I was going to finish the blog post there but then James challenged me to decode repeating XOR encryption. Using the absolutely excellent cryptography site Practical cryptography I learned all about XOR and frequency analysis. The first step is to determine the key length. You can do this using frequency analysis for each key candidate, I used 30 as the maximum key length guesses. I stored each character in a frequency table and incremented them each time they occur in the ciphertext. When you have all the frequencies you can then you can then calculate the index of coincidence (or hamming distance) for each of the columns and frequencies. Once you have the index of coincidence for each key candidate I then got the top 7 and normalized the IC by dividing by the key length candidate then sorted the top 7 by the IC and returned the top one as the guessed key.
I spent a lot of time to try and improve the accuracy of the key guess and rewrote the code a lot of times. The trusted signal blog stated you can improve the accuracy of determining the key length by using the greatest common denominator between the top 5-6 candidates but in my tests I couldn't improve the accuracy. Anyway once you have the key length you simply loop through the ciphertext and each character and xor it and assign it a score based on the character result.
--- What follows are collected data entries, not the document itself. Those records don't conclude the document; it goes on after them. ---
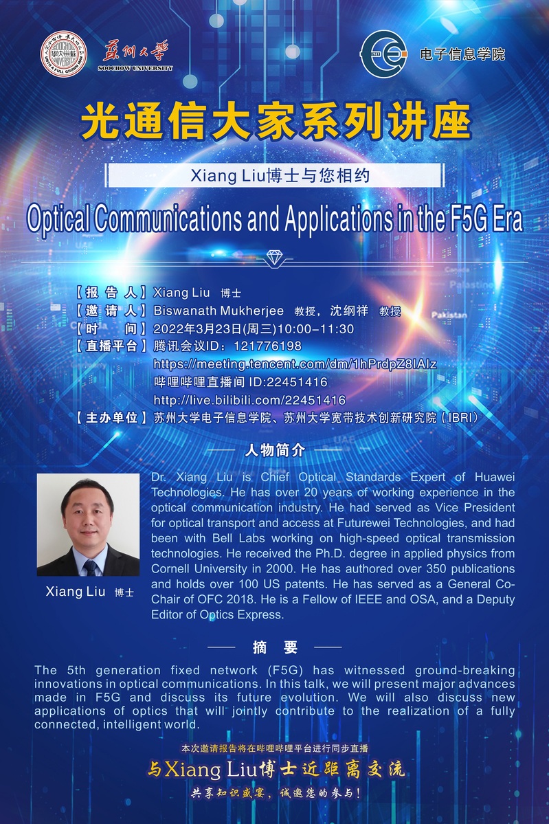 光通信大家系列讲座| Xiang Liu博士与您相约 !
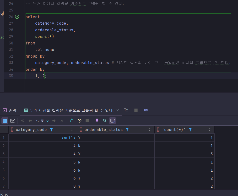 - 두 개 이상의 컬럼을 기준으로 그룹핑 할 수 있다.
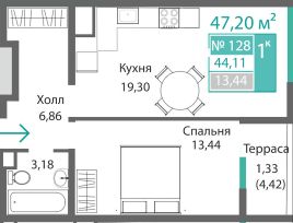 44,11 м²

I based most of the code on a cool python utility by Alexey Hellman.
Finally I reused my is_like_english function to determine the score of the text if the conversion has been successful or not. This was working for small pieces of text but failed with larger ones and this is because the more text you have the lower ngram score you get, so I changed the fixed value to a percentage of difference between the average and this works regardless of the ciphertext length. For very small pieces of ciphertext the XOR decryption will fail, I think this because there isn't enough ciphertext to perform frequency analysis to correctly determine the key length and score for each character decrypted. If you think of a way to improve this then please submit a pull request.
To demonstrate the auto decoding I've done an XOR with a key and then hex encoded it. When you enter the input into the input box watch as Hackvertor will auto decode the hex, guess the key length and then decrypt the XOR encryption automatically and even provide you with the correct tags to reproduce the encoding.
<@auto_decode_8>1C090C1E05041C101C523D296324212F000D020C04061D001C216F36383668231619064521010606376F3724732E080D0F561617171A003B3B3A6B3630110C18031717074F1037292C39366808174C0545061B00523E2E372E7D68231A4B03161B1A0852313A373F3A26064E0E120217541C1133212D223D2F41170E150D1C1B031D35366F6B2A27144308170B521D0B173C3B2A2D2A68150B0E5613170616523E2E372E203C41151E1A0B17060E103B232A3F3A2D124D4B391000541D17212A22393020041118560300111E07372137272A68140D08191317064F10202E2D2F732604144B00101E1A0A00332D2A273A3C1843081A0401070A01723B2B2A276823161906451B074F063A2A632D3A3A12174B020A52060A023D3D3765<@/auto_decode_8>
Repeated XOR is genuinely used from time to time, so hopefully this feature will help prevent some applications from getting away with looks-legit encryption.